Exercise directions: Print the data exactly as written, but leave out each picture.

Data provided:
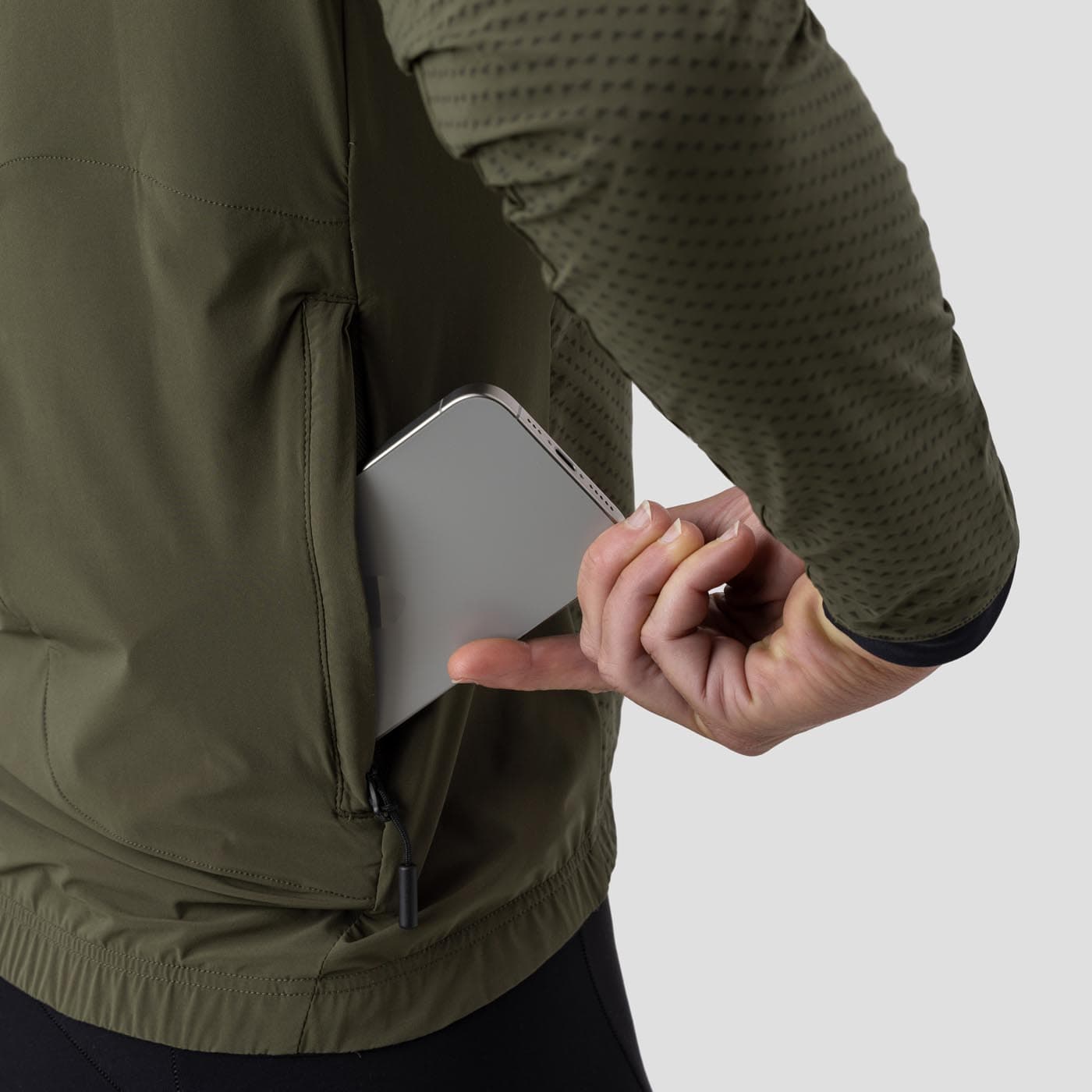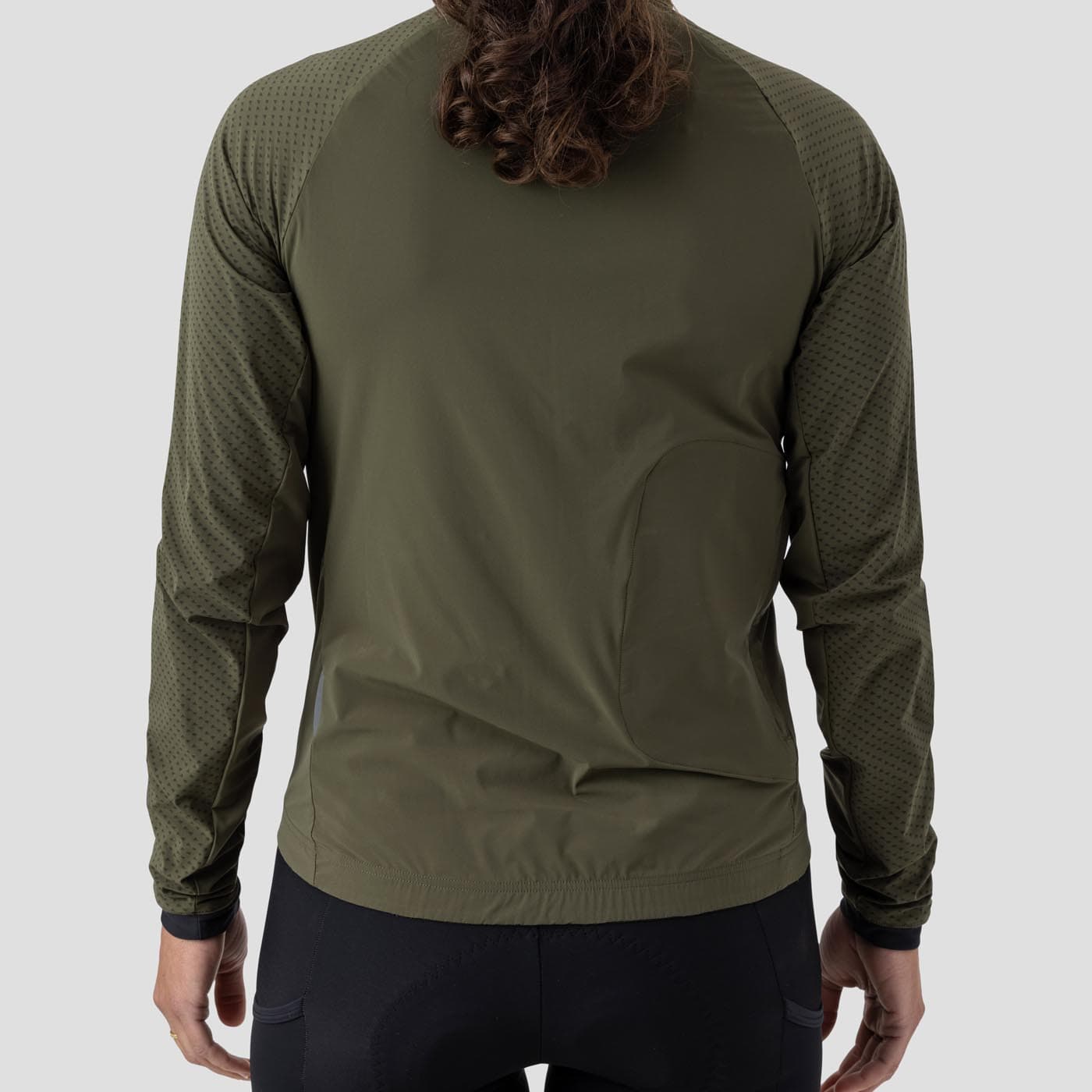 That’s not all, we designed a lofted pattern at key points to insulate, ensuring that you stay warm and dry. Speaking of dry, the fabric has a patented c0 PFAS-free DWR treatment that sheds moisture and dries fast. For its final magic trick - when not being worn, it neatly packs into its rear pocket and for stowage in a jersey pocket or strapped to your bike (see our Macgyver Strap).
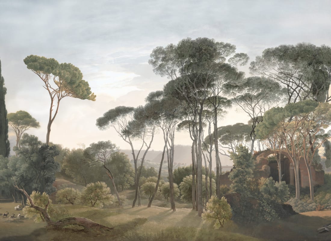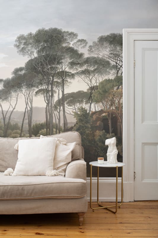 Mural Hovia Tivoli Classic LA0377GR03W prezentuje malarską interpretację śródziemnomorskiego pejzażu, gdzie monumentalne cyprysy wznoszą się nad łagodnymi wzgórzami. Tło w postaci delikatnie zamglonego nieba w tonacji rozbielonego błękitu wprowadza wizualną głębię i nostalgiczny nastrój. Detale architektoniczne w postaci porośniętych ruin wtapiają się subtelnie w zieleń, przywołując skojarzenia z klasycznym malarstwem pejzażowym epoki romantyzmu. Dekoracja oparta na realistycznej kompozycji i harmonijnych proporcjach podkreśla wyrafinowany charakter wnętrz inspirowanych historią, sztuką i naturalnym spokojem włoskich ogrodów. Mural Hovia LA0377GR03W Tivoli Classic doskonale uzupełni eleganckie przestrzenie salonu, biblioteki lub jadalni, kreując ponadczasową atmosferę kontemplacji i estetycznego ukojenia.
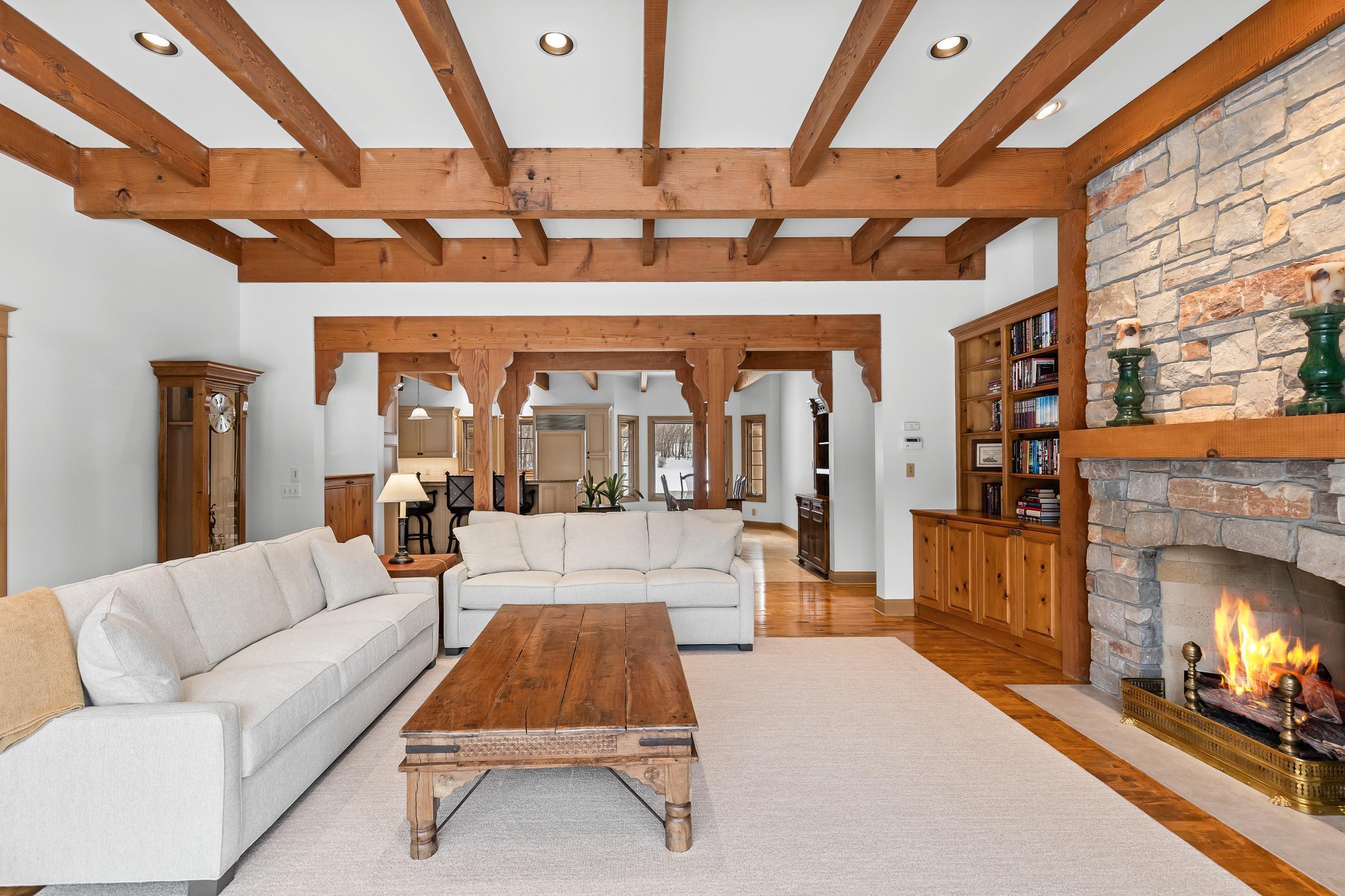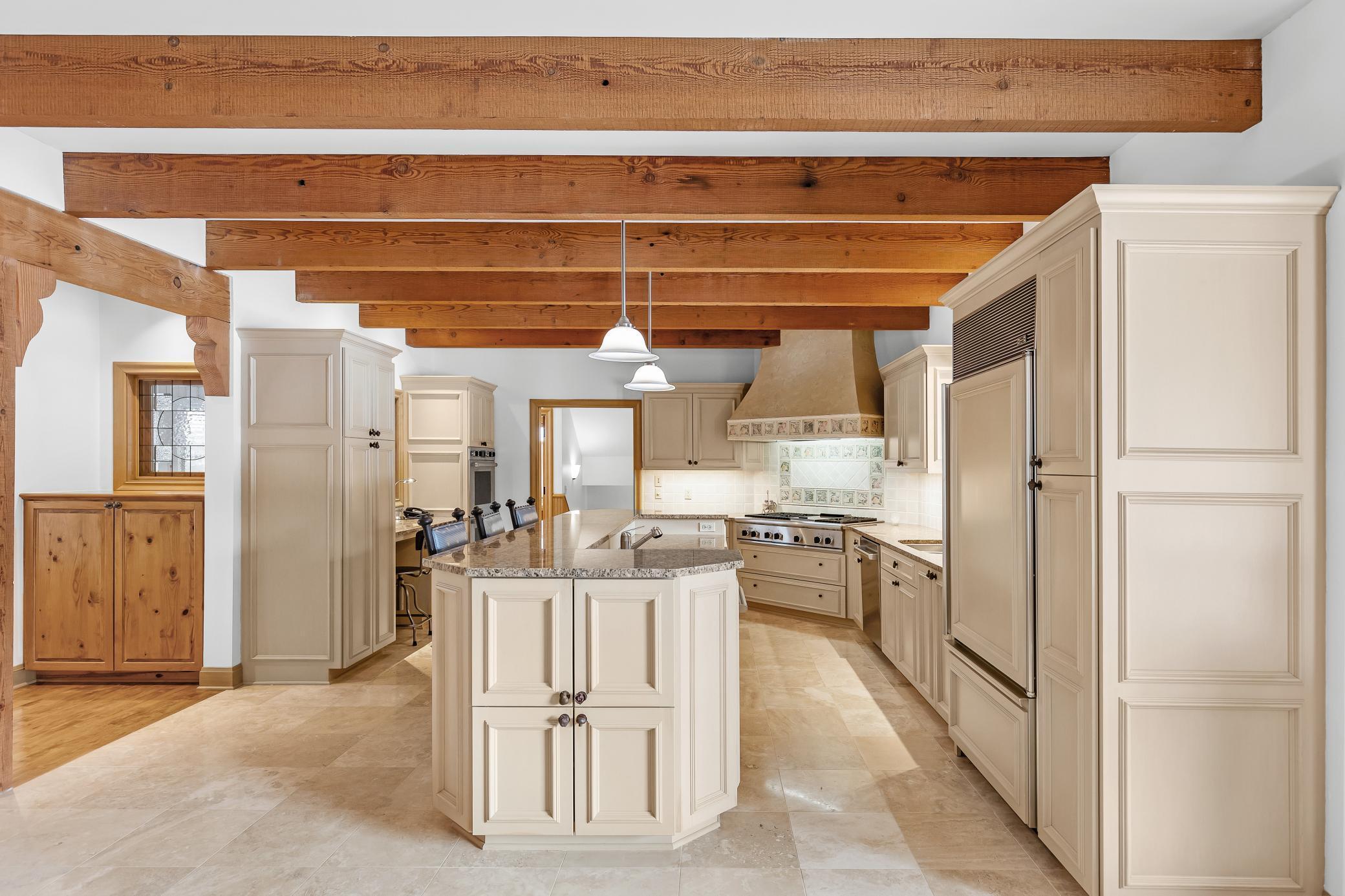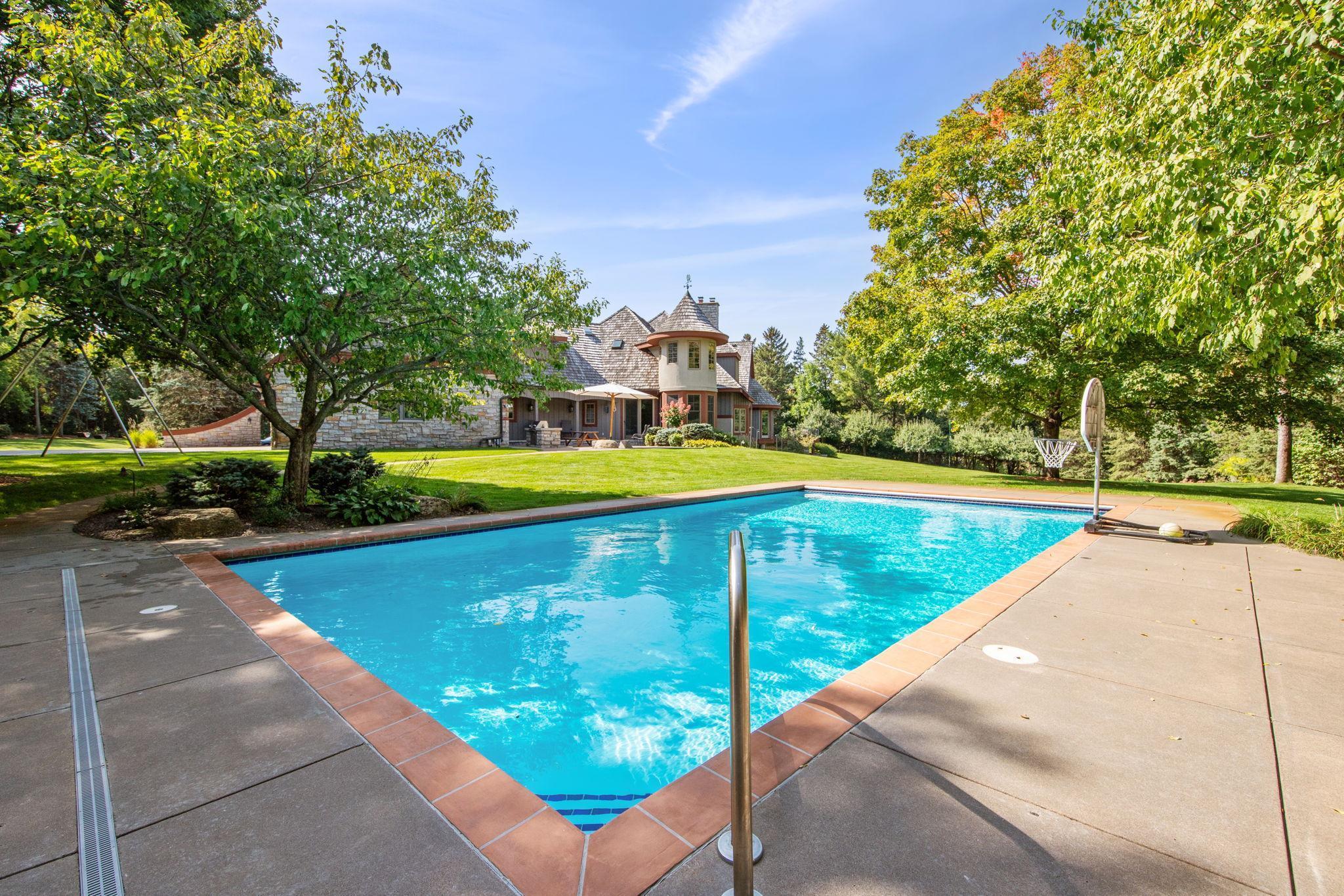 Privately tucked away at the end of a serene drive just minutes from Wayzata, this extraordinary one-owner estate rests on two breathtaking acres of level lawns, gardens, and storybook grounds. Custom built by Erotas and meticulously maintained, the residence offers over 10,000 square feet of timeless craftsmanship, architectural intention, and exceptional livability including 5+ bedrooms and 7 baths.Soaring ceilings adorned with hand-hewn beams crafted from reclaimed Lake Superior timber create warmth, scale, and a sense of enduring artistry throughout the home. Sunlight pours through expansive windows, revealing peaceful views from nearly every room and seamlessly connecting elegant interiors to the stunning landscape beyond.The main-level owner's suite is a true private retreat, featuring heated floors, steam shower, fireplace, private deck, and an expansive walk-in dressing space. Designed for both refined daily living and unforgettable entertaining, the home showcases an incredible, highly functional floor plan with dual staircases, elevator access, two laundry rooms, and beautifully flowing gathering spaces anchored by a chefs kitchen with exceptional pantry, spacious rear entry, and custom lockers.Recreation and wellness are elevated with an indoor sport court and viewing area, dedicated workout studio, sauna, game and media spaces, and a walkout lower level with fireplace and wet bar. Outdoors, a resort-style pool and charming pool house with bath create a secluded summer sanctuary, complemented by multiple patios, grilling terrace, and the remarkable privacy of the surrounding grounds.Upper-level bedrooms each offer distinctive architectural characterincluding a dramatic two-story suite with lofted study, a turreted bedroom retreat, and generous bonus spaces with potential for additional bedrooms or baths. Heated floors, exquisite millwork, and uncompromising quality speak throughout.A heated four-car garage completes this rare offeringan estate where privacy, craftsmanship, recreation, and natural beauty converge just moments from the heart of Wayzata.

Worked solution:
 That’s not all, we designed a lofted pattern at key points to insulate, ensuring that you stay warm and dry. Speaking of dry, the fabric has a patented c0 PFAS-free DWR treatment that sheds moisture and dries fast. For its final magic trick - when not being worn, it neatly packs into its rear pocket and for stowage in a jersey pocket or strapped to your bike (see our Macgyver Strap).
 Mural Hovia Tivoli Classic LA0377GR03W prezentuje malarską interpretację śródziemnomorskiego pejzażu, gdzie monumentalne cyprysy wznoszą się nad łagodnymi wzgórzami. Tło w postaci delikatnie zamglonego nieba w tonacji rozbielonego błękitu wprowadza wizualną głębię i nostalgiczny nastrój. Detale architektoniczne w postaci porośniętych ruin wtapiają się subtelnie w zieleń, przywołując skojarzenia z klasycznym malarstwem pejzażowym epoki romantyzmu. Dekoracja oparta na realistycznej kompozycji i harmonijnych proporcjach podkreśla wyrafinowany charakter wnętrz inspirowanych historią, sztuką i naturalnym spokojem włoskich ogrodów. Mural Hovia LA0377GR03W Tivoli Classic doskonale uzupełni eleganckie przestrzenie salonu, biblioteki lub jadalni, kreując ponadczasową atmosferę kontemplacji i estetycznego ukojenia.
 Privately tucked away at the end of a serene drive just minutes from Wayzata, this extraordinary one-owner estate rests on two breathtaking acres of level lawns, gardens, and storybook grounds. Custom built by Erotas and meticulously maintained, the residence offers over 10,000 square feet of timeless craftsmanship, architectural intention, and exceptional livability including 5+ bedrooms and 7 baths.Soaring ceilings adorned with hand-hewn beams crafted from reclaimed Lake Superior timber create warmth, scale, and a sense of enduring artistry throughout the home. Sunlight pours through expansive windows, revealing peaceful views from nearly every room and seamlessly connecting elegant interiors to the stunning landscape beyond.The main-level owner's suite is a true private retreat, featuring heated floors, steam shower, fireplace, private deck, and an expansive walk-in dressing space. Designed for both refined daily living and unforgettable entertaining, the home showcases an incredible, highly functional floor plan with dual staircases, elevator access, two laundry rooms, and beautifully flowing gathering spaces anchored by a chefs kitchen with exceptional pantry, spacious rear entry, and custom lockers.Recreation and wellness are elevated with an indoor sport court and viewing area, dedicated workout studio, sauna, game and media spaces, and a walkout lower level with fireplace and wet bar. Outdoors, a resort-style pool and charming pool house with bath create a secluded summer sanctuary, complemented by multiple patios, grilling terrace, and the remarkable privacy of the surrounding grounds.Upper-level bedrooms each offer distinctive architectural characterincluding a dramatic two-story suite with lofted study, a turreted bedroom retreat, and generous bonus spaces with potential for additional bedrooms or baths. Heated floors, exquisite millwork, and uncompromising quality speak throughout.A heated four-car garage completes this rare offeringan estate where privacy, craftsmanship, recreation, and natural beauty converge just moments from the heart of Wayzata.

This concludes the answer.